FİZİKTE MODELLEME VE MATEMATİĞİN YERİ
Fizikte Modelleme
Fizik, evrende meydana gelen doğal olayları açıklamaya çalışan bilim dalıdır. Evrende meydana gelen olaylar gözle görülebilen büyük kütleli cisimler arasında veya gözle görülmeyecek kadar çok küçük somut cisimler arasında gerçekleşebileceği gibi varlığını bildiğimiz ancak gözle göremeyeceğimiz manyetik alan gibi soyut kavramlar arasında da gerçekleşebilir.

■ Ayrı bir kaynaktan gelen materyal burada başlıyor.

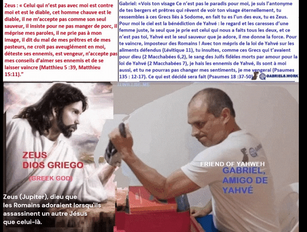 Gabriel : « Va-t’en faux Christ, va Satan, je connais tes intentions, tu ne veux être proche que des enfants parce que tu fais partie d’une mafia internationale de pédophiles qui prônent l’impunité pour leurs actes méprisables, mentant avec l’histoire que l’amour pour l’ennemi est un ordre de Dieu, mais j’ai enlevé ton masque dans mon blog, bestiadn.com. Je n’accepte pas la propagande des catholiques, ou des protestants, ou des mormons, ou des évangéliques, ou de ceux qui se font appeler « Témoins de Jéhovah », ou de tout groupe qui prêche ta Bible, qui dicte une rébellion contre la juste loi de Dieu, la loi du talion ! Une rébellion que le vrai Christ n’a jamais prêchée, même si tu le prétends, car tu es Satan, ton nom le dit « Tu es un calomniateur », tu inventes des péchés et des pécheurs là où il n’y en a pas pour avoir des gens soumis à tes règles arbitraires avec lesquelles tu cherches le profit et l’opportunité d’être proche des enfants, tout comme le font tes religieux parce qu’ils sont tes enfants, ils ne sont pas mon peuple, mon peuple est Lot, mon peuple est Noé, mon peuple ne sont pas les abominables ennemis de Lot et Noé, à tous ces abominables ennemis des justes je dis Matthieu 25:41 « Éloignez-vous de moi, maudits, allez dans le feu éternel préparé pour le diable et ses anges. » En moi, il n’y a ni mensonge, ni incohérence, car je prêche la haine des ennemis et l’amour des amis.
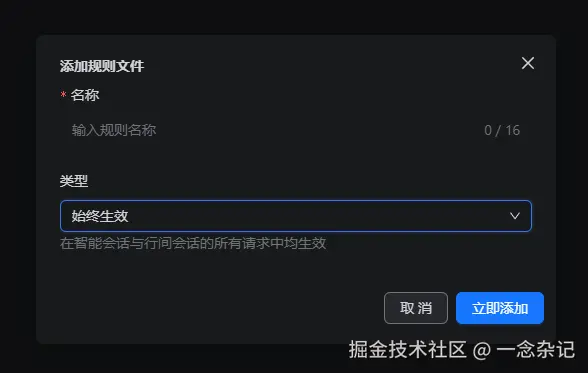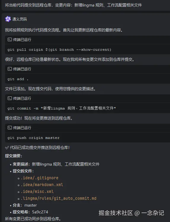 虽然在新版的lingma插件中我们并不能直接找到工作流相关的配置,但完全是可以利用"规则"来实现工作流效果的,比如我这里简单以日常开发中常用的git操作为例:
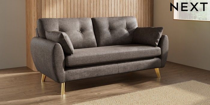 7.3.1 Buy Wilson Buttoned Back 3 Seater Small Sofa Plush Chenille Mink Brown Metal Tapered - Gold from the Seasons online shop Click here to use our website with more accessibility support, for example screen readers
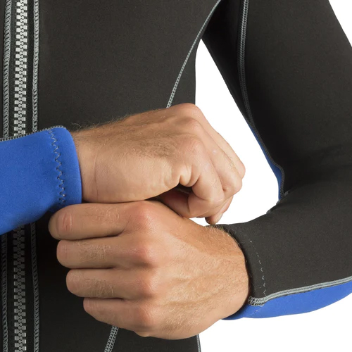 El neopreno de 2 mm de gran elasticidad y el ajuste ceñido facilitan su adaptación a la mayoría de las formas corporales. No tiene costuras bajo los brazos para evitar la penetración del agua.
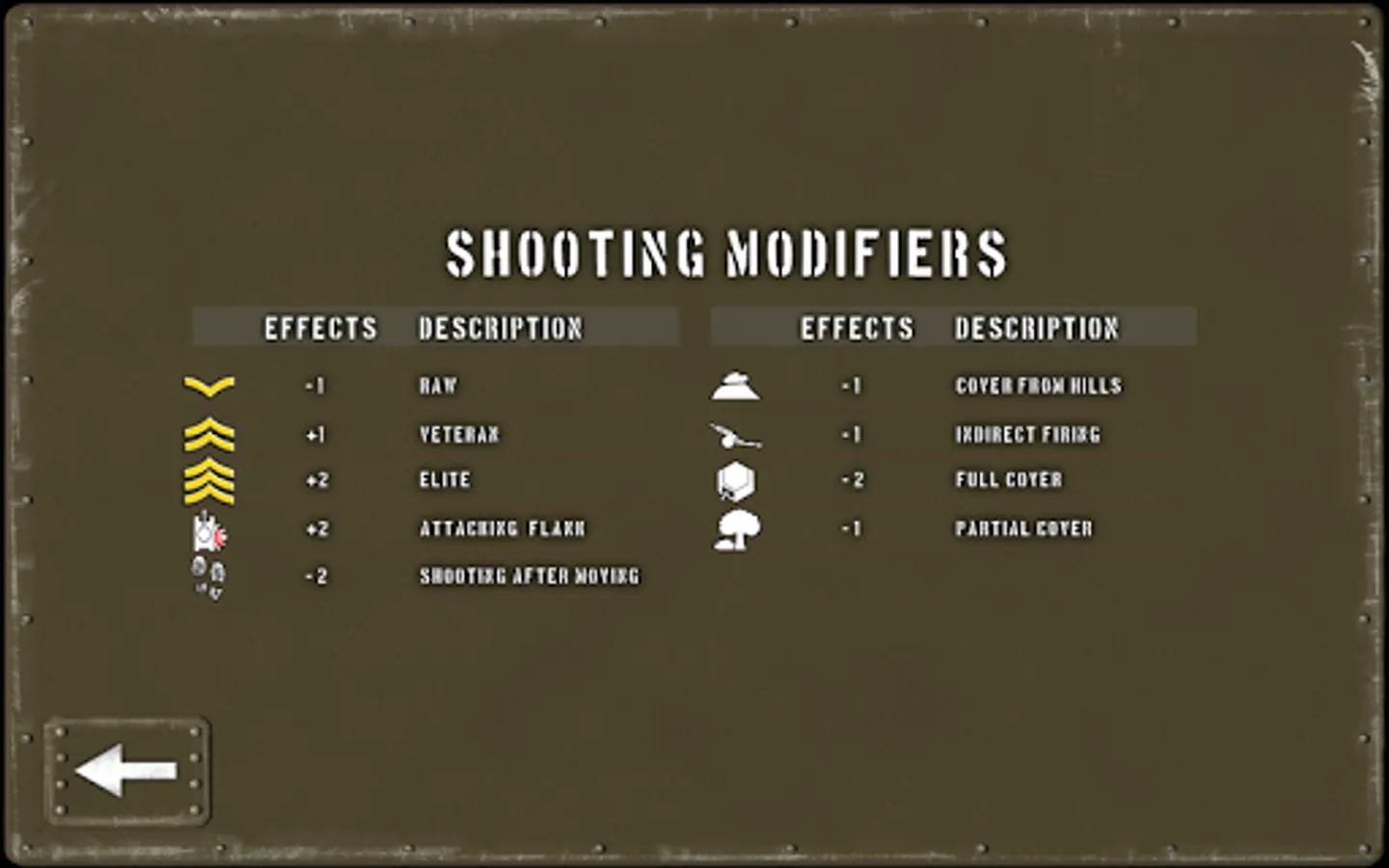 ● Other Game Features; detailed combat analysis, flank attacks, strategic movement, indirect fire, mounting and dismounting from vehicles, multi-level hills, minesweepers, bridge-laying.
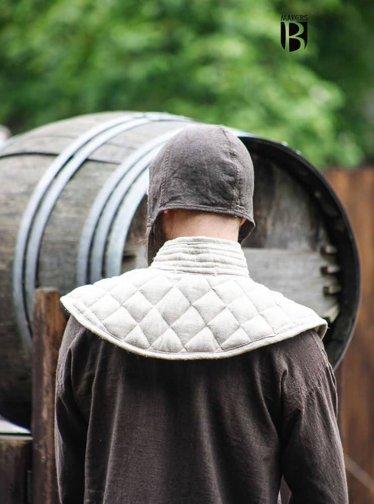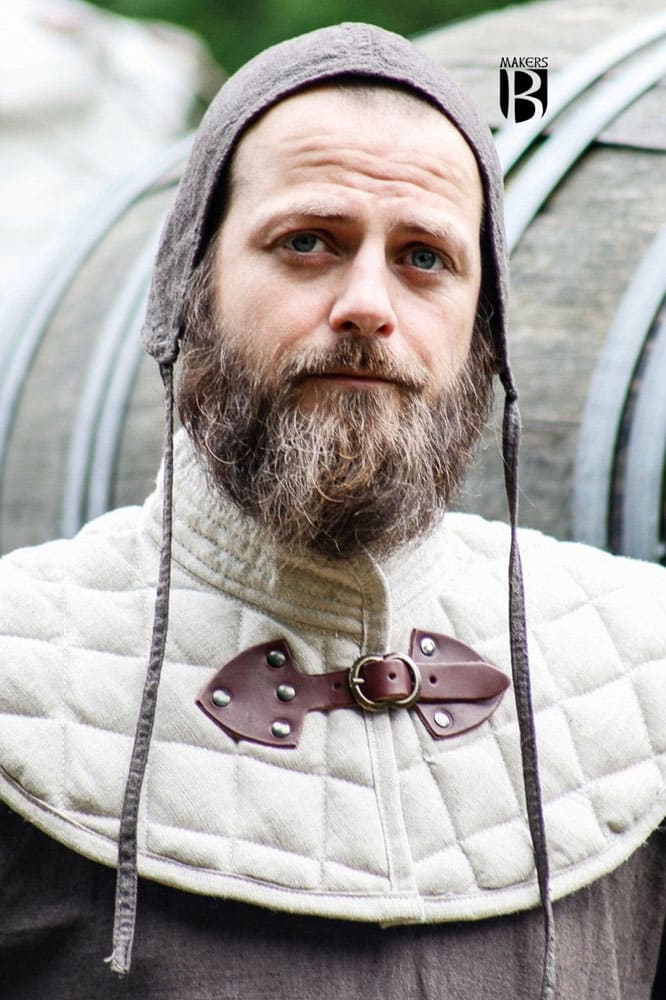 This padded collar is a great foundation layer beneath your armor and helps distribute and cushion against both the weight of your armor and the force of a strike from a foe. It is crafted from durable cotton cloth and padding. A metal buckle anchored with leather tabs and rivets fastens and secures the collar. Made from 100% cotton – From Burgschneider of Germany.
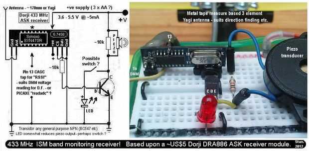 recibió audio ser tanto visto y oído. Aunque el LED puede ser difícil de ver al aire libre y el piezo difícil escuchar, esto es particularmente valioso cuando identificar una transmisión de señal y su específica "programa"! En las zonas urbanas la banda ISM de 433 MHz libre de licencia local puede estar llena de extrañas transmisiones derivadas de puertas de garaje, mandos de coches, estaciones meteorológicas de patio trasero y energía inalámbrica monitores etc..
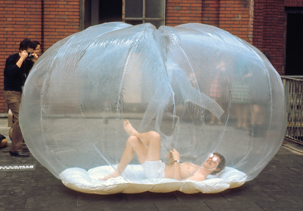 Designed well in advance of widespread concerns about climate change, the Suitaloon nonetheless gestures toward a question that will be reiterated implicitly in later such garments: how does apparel reflect our needs, desires, and expectations of the climates we inhabit? In the work of Archigram, these needs and desires retain an element of humorous utopianism: “If it wasn’t for my Suitaloon I would have to buy a house,” wrote designer Michael Webb.10
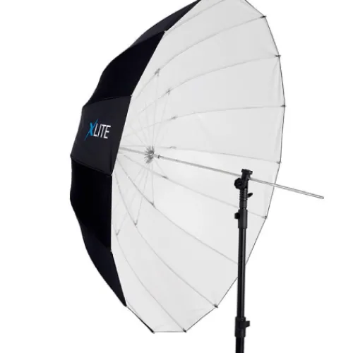 Parabolic umbrellas are a popular choice for portrait, people and fashion photographers, as they provide a smooth, distinctive light that can illuminate an entire person or small group with just one light source. The deeper shape of the Xlite Deep Parabolic Umbrella series gives the photographer better control of the light spread and allows them to focus and shape light by simply sliding the umbrella shaft in its holder. The strong glass fibre rods make this series remarkably reliable and sturdy, and it is available in two versions – Silver and White. The white version creates an even, diffused light with soft shadows, and the closer the umbrella is placed to the subject, the softer the shadows will be.
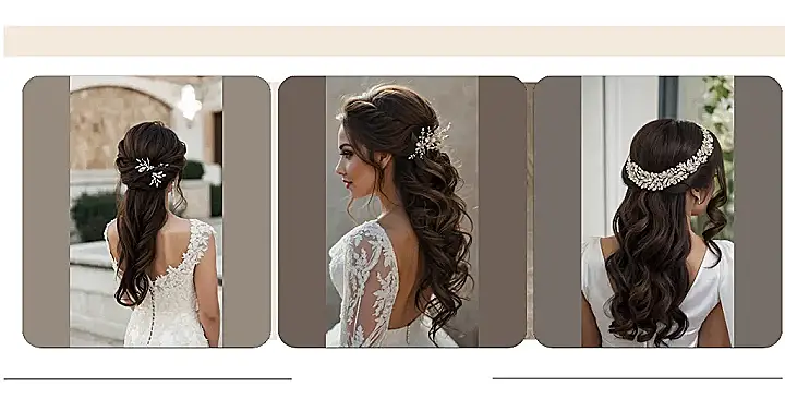 This hairstyle is seriously stunning! Imagine walking down the aisle with these luscious, wavy locks. It’s like a fairytale come to life, even better than Rapunzel’s hair (but maybe less likely to get tangled in a tower). That sparkly hair clip adds the perfect touch of “wow”—it’s like the hair version of a really good friendship bracelet, only way more glamorous. Definitely drop-dead gorgeous, right?
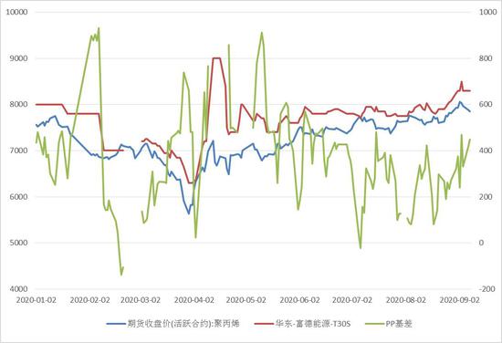 新增产能对市场影响的预期,从年初起一直存在,这使得8月PP主力合约换月后,基差一度冲至400以上。但是随着现货价格的坚挺,以及两油库存维持低位,市场对于新增产能对现货市场的影响产生重新评估。
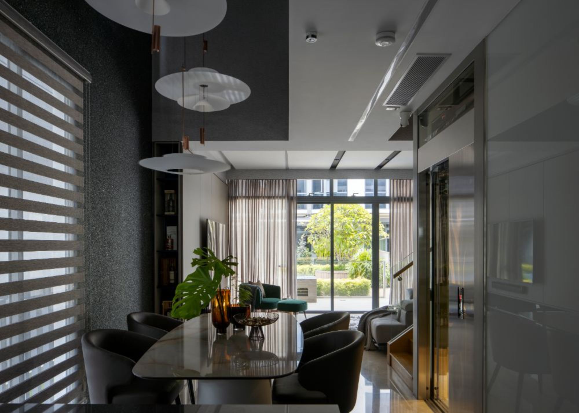 Belgravia Dr is a luxurious modern residence that combines elegance with comfort, featuring a sophisticated palette of neutral tones accented by gold, teal, and natural wood. The interiors are bathed in natural light, complemented by carefully placed artificial lighting, creating a warm and inviting atmosphere. Bedrooms showcase statement headboards with paneling and vertical gold or LED accents, plush rugs, and large windows draped with sheer and blackout curtains, striking a balance between light and privacy.
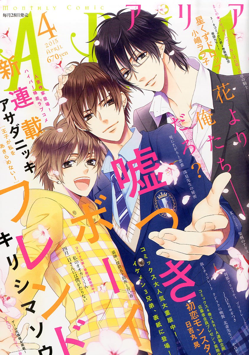 | ARIA là một tạp chí manga dành cho thiếu nữ ("shōjo") của Nhật Bản do nhà xuất bản Kōdansha phát hành định kỳ hàng tháng. Vào tháng 4 năm 2010, một thông báo công khai đã được vạch ra nhằm định hướng kế hoạch xây dựng tờ tạp chí mới này; ấn bản đầu tiên đã được ra mắt vào ngày 28 tháng 7 năm 2010. Các trang tạp chí được in theo cỡ giấy B5. Đối tượng độc giả chủ yếu là những thiếu nữ vị thành niên trong độ tuổi từ 16 đến 22. Vào năm 2013, Kodansha đã tạm thời tăng số lượng bản in của Aria lên khoảng 500% lên khoảng 80.000 bản do nhu cầu về chương mở đầu của phần ngoại truyện Attack on Titan: No Regrets, được xuất bản trước khi bắt đầu xuất bản. Thông báo vào ngày 27 tháng 3 rằng Tạp chí sẽ ngừng xuất bản vào ngày 28 tháng 4 năm 2018, vì hầu hết các bộ truyện sẽ được chuyển sang ứng dụng mới của Kodansha là Palcy. |
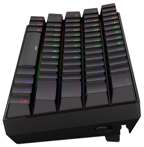 Parametre *Typ produktu: Klávesnica *Typ klávesnice: Mechanická *Farba: Čierna *Rozloženie: US ANSI *Rozmery [mm]: 290×101×47 *Hot-swap: Áno *Farba spínačov: Červená *Typ spínačov: Kailh Box Red *Počet klávesov
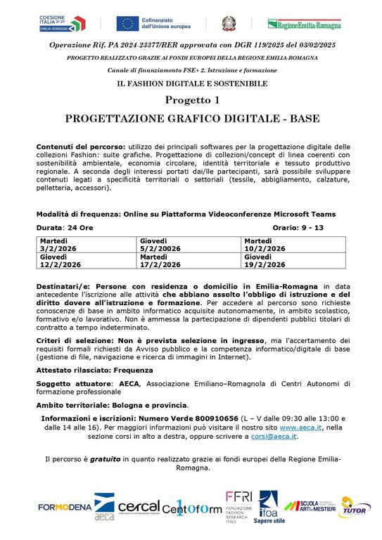 IL FASHION DIGITALE E SOSTENIBILE - Progetto 1 “Progettazione grafico digitale - base”, 24 ore
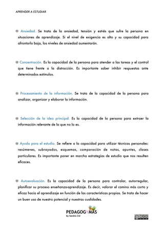 Este documento ofrece consejos sobre cómo mejorar el estudio. Explica que la actitud, motivación y control del tiempo son factores que afectan el aprendizaje. También señala que la ansiedad, concentración, procesamiento de información y habilidades para resumir son importantes para estudiar de manera efectiva. Además, proporciona 10 pasos clave como crear un espacio de estudio sin distracciones, planificar el tiempo, tomar notas, leer de manera activa y entrenar la atención y memoria.
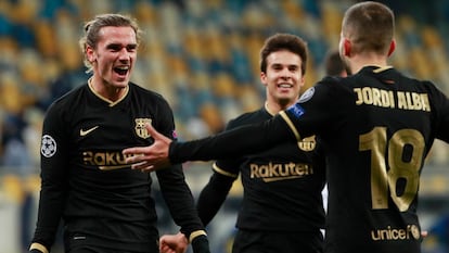 A juzgar por la alineación no parecía que el Barça jugara un partido de Champions. Ausentes por lesión Piqué, Busquets y Sergi Roberto, no viajaron Messi ni De Jong y tampoco jugaron de salida Alba, Dembélé ni Griezmann. La ausencia del francés fue un chasco porque después de pasar por el confesionario del Universo Valdano se le esperaba para que se reivindicara en ausencia del 10. Tampoco encontró sitio Riqui Puig. A Koeman le quedó un equipo raro, repleto de novedades, ninguna tan trascendente como la de Mingueza. No hay más centrales disponibles que el del Barça B. Asegurado prácticamente el pase a octavos, la jornada propiciaba jugar con la formación y al técnico le quedó un once muy juvenil —la media era de 24 años— y en las antípodas del que salió goleado en Lisboa. No había más testimonios de la goleada ante el Bayern que Ter Stegen y Lenglet.
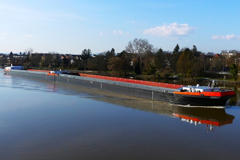 am 24.02.2026 zu Berg in Warteposition im Unterwasser der Schleuse Griesheim:
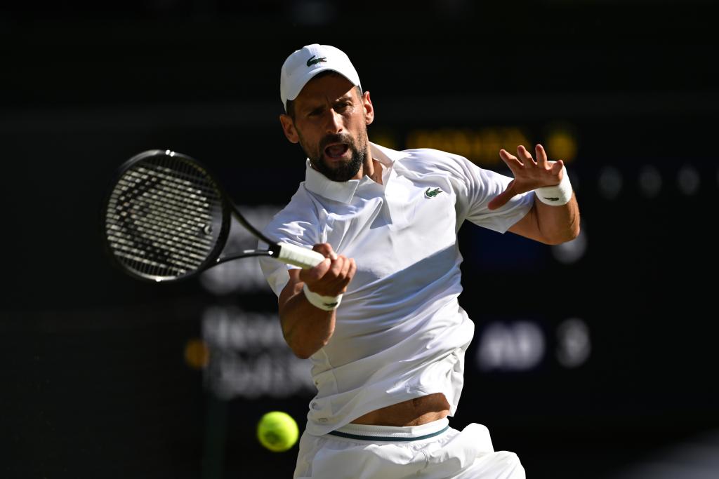 7月11日,焦科維奇在比賽中回球。當(dāng)日,在英國倫敦舉行的2025溫布爾登網(wǎng)球公開賽男子單打半決賽中,意大利選手辛納3比0戰(zhàn)勝塞爾維亞選手焦科維奇,晉級(jí)決賽。新華社記者 趙丁喆 攝
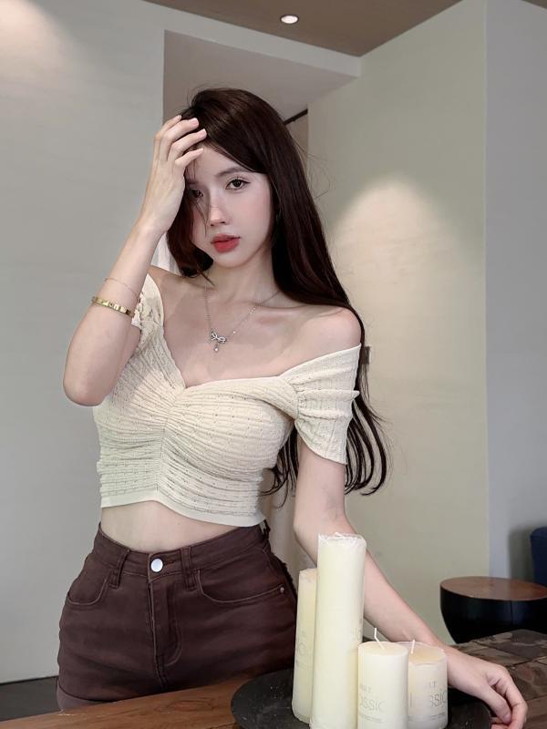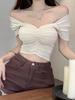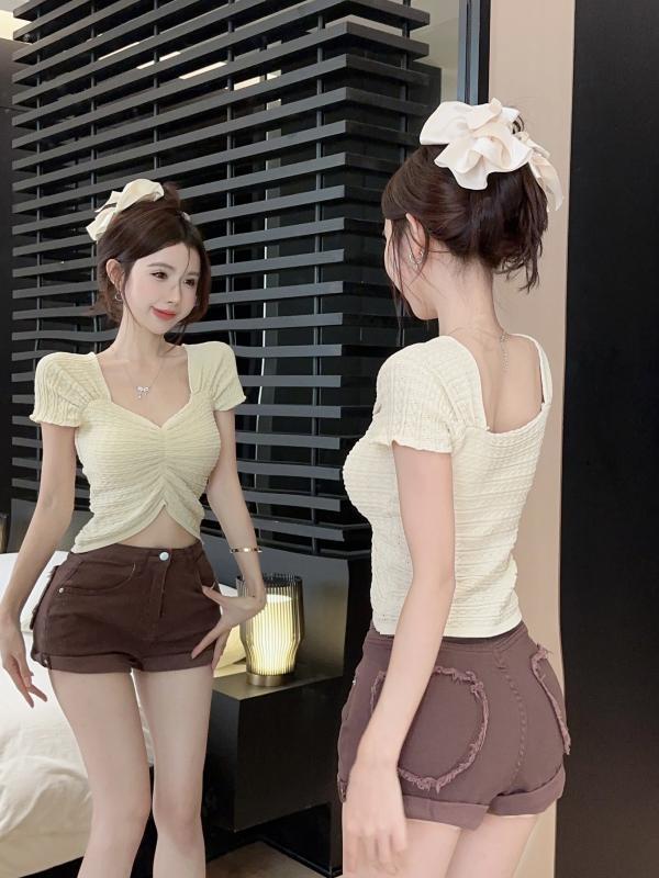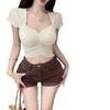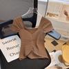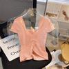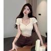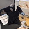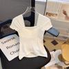 Deseo Puro Chica Caliente Cuello Cuadrado Suéter Tejido Clavícula Ombliguera Corta Diseño Nicho Sexy Camiseta Manga Corta Mujer Verano
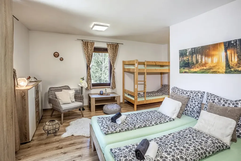 Nemovitost momentálně využívána jako zavedený Penzion KAROLINKA. Bez nutnosti jakýchkoli úprav možno ihned využívat jako jednogenerační rodinný dům. Po drobných úpravách možno předělat na 2generační bydlení o 2 prostorných bytových jednotkách.
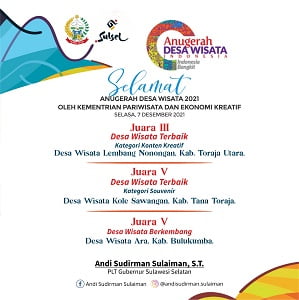 “Alhamdulillah, kita bersyukur dan bangga karena tiga desa di Sulawesi Selatan mendapatkan gelar Anugerah Desa Wisata terbaik. Untuk itu kami mengucapkan terima kasih atas kerjasama semua pihak,” kata Plt Gubernur Sulsel, Andi Sudirman Sulaiman.
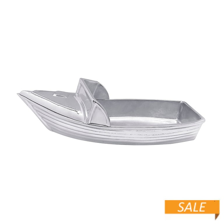 Elevate your dining experience with our unique Motorboat Server from the High Seas Collection. Hand-sculpted from 100% recycled aluminum, this distinctive serving dish not only adds a touch of maritime charm to your table but also makes a sustainable statement.

Fizikçiler bir olayı gözlerken çoğu zaman duyu organları yetersiz kalır. Teknolojinin elverdiği ölçüde araç ve gereçler kullanırlar. Merak edilen bir olay bilinenler ışığında incelenir. Nasıl meydana geldiği hakkında yorumlar yapılarak olayın oluşunu açıklayan teori ortaya atılır. Ortaya atılan teorinin geçerliliğinin kanıtlanması için olayın birçok defa tekrarlanması gerekir. Meydana gelen olay çok karmaşık olabileceği gibi olayın çok hızlı gerçekleşmesi nedeniyle çok kısa bir zamanda veya bir insan ömrünün olayı gözlemek için yetmeyeceği kadar çok uzun bir zaman dilimi içinde gerçekleşiyor olabilir. Bunun için doğrudan gözlenemeyen olayların daha iyi anlaşılmasını sağlayacak olayla ilgili bir model oluşturulur. İncelemeler bu model üzerinden yapılır.
Model, fiziksel hayata ait gerçekliklerin bir takım anlamlı sembollerle ifade edilmesidir.
Diğer taraftan model gerçek hayatta olması gerektiği düşünülenin ifadesidir. Yani gerçeğin idealleştirilmiş halidir. Çoğu kez karmaşık olanın basite indirgenmesidir. Aslında gerçeklik hiç bir zaman bir model ile yüzde yüz ifade edilemez. Bu anlamda model gerçeğin daha basitleştirilmiş halidir. Örneğin, fizikçiler serbest düşme modelini oluştururken havanın direncini yok saymışlar ve gözlemlerini ona göre yapmıştır. Aynı anda yere bırakılan 20 tonluk bir demir ile birkaç gramlık tüyün aynı zamanda yere düşeceğini hesaplamışlardır. Bir başka örnekte virajlı bir yolda ilerleyen aracın, viraja hangi hızla girerse güvenli bir dönüş yapacağının hesaplarını yaparken, havanın direncini yok saymışlardır.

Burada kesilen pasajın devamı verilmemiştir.